Kesselbrenner v. Anonymous

Abraham J. Gellinoff, J.

This is an application by petitioner, the Director of Kirby-Manhattan State Hospital, for an order of retention of respondent, an alleged mentally ill person, pursuant to CPL 730.50.

Respondent was indicted in 1948 for the crime of murder, and, pursuant to section 662-b of the former Code of Criminal *290Procedure, was determined to be incompetent to stand trial, and committed to Matteawan State Hospital on April 29, 1948. He has remained in State hospitals ever since.

The parties are all agreed that the interests of society and the welfare of respondent would best be served by releasing him from the hospital at this time. While he is not now competent, nor, in the opinion of the physicians, is he likely ever to be,, the hospital authorities believe that his release in the custody of his two sisters would be the most appropriate form of treatment. Nevertheless, because of the outstanding 25-year-old indictment, petitioner seeks further retention, with the request that section 37.12 of the Rules and Regulations of the Department of Mental Hygiene (14 NYCRR 37.12) be applied. That section provides that a patient held pursuant to section 662-b of the former Code of Criminal Procedure may not be released from the hospital “without prior permission from the judge of the court having jurisdiction of the criminal proceeding pending against such patient. ’ ’ Accordingly, petitioner requests that this court order release pursuant to section 37.12.

Respondent urges that section 37.12 is inapplicable, both because of the intervening repeal of the Code of Criminal Procedure and the former Mental Hygiene Law, and because the language of the section would seem to require the motion to be made in the court having jurisdiction over the indictment, that is, the criminal term of the Supreme Court.

However, another more compelling ground, also urged by respondent, prohibits the application of section 37.12. In order for the court to release respondent according to that section, it would first have to grant the application for an order of retention. And, on the facts adduced at the hearing, such order may not be granted. For in Jackson v. Indiana (406 U. S. 715, 738 [1972]), the Supreme Court of the United States held that: “ A person charged by a State with a criminal offense who is committed solely on account of his incapacity to proceed to trial cannot be held more than the reasonable period of time necessary to determine whether there is a substantial probability that he will attain that capacity in the foreseeable future. If it is determined that this is not the case, then the State must either institute the customary civil commitment proceeding that would be required to commit indefinitely any other citizen, or release the defendant. ’ ’

It can hardly be disputed that 25 years is beyond the ‘ ‘ reason- . able period ” envisioned by the Supreme Court. And the undisputed testimony at the hearing — indeed, elicited by petitioner — ■ *291is that respondent is not now, after 25 years in the hospital, nor is he likely to ever be, competent to stand trial.
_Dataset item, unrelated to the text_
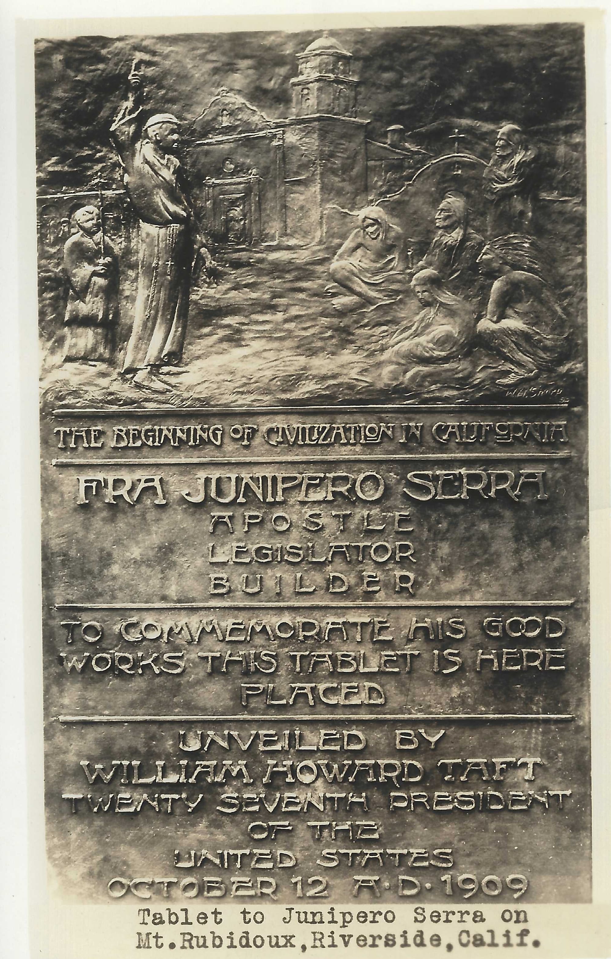 President William Howard Taft arrived in Riverside by train on October 12, 1909. Greeted by dignitaries at the station, Taft was given an automobile ride up the road to the top of Mount Rubidoux. He was instructed to pull a cord, which unveiled the next tablet. Supposedly, Taft complained that if he had been told before what was happening, he would have prepared a speech.

Therefore, he may not be retained on the criminal commitment pursuant to section 662-b of the former Code of Criminal Procedure, nor under CPL 730.50. The alternative is civil commitment or release.
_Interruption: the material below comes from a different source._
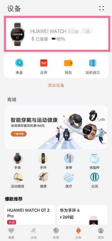 1、打开华为运动健康APP,在“设备”界面点击绑定的设备,进入手表详情页。

At the hearing conducted on this application, petitioner, through his counsel, the Attorney-G-eneral, made clear his position that respondent ought not be retained in the hospital, but should be released. Accordingly, since the State does not elect to seek civil commitment, respondent must be released.
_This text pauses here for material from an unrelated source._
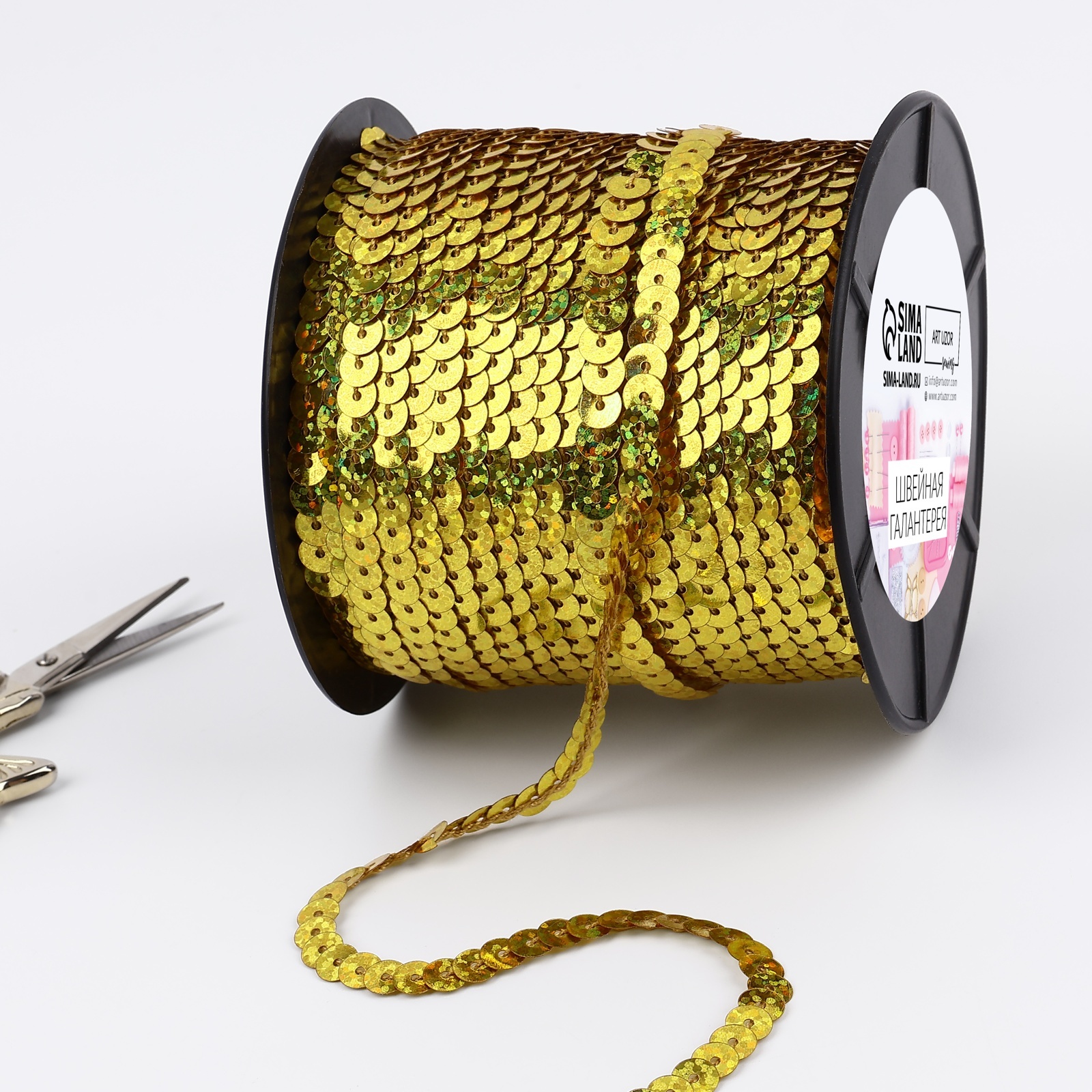Пайетки на нити, голография, 6 мм, 91±1 м, цвет золотой

This decision, of course, does not affect the indictment. Although moribund for a quarter of a century, it remains in existence, and, in the unlikely event that respondent becomes competent, he theoretically could be tried on it. The court would suggest that counsel for respondent make the appropriate motion in Criminal Term to dismiss the indictment. In that regard, the court directs the Clerk to forward a copy .of this decision to the District Attorney of New York County.

The application is denied and respondent ordered released.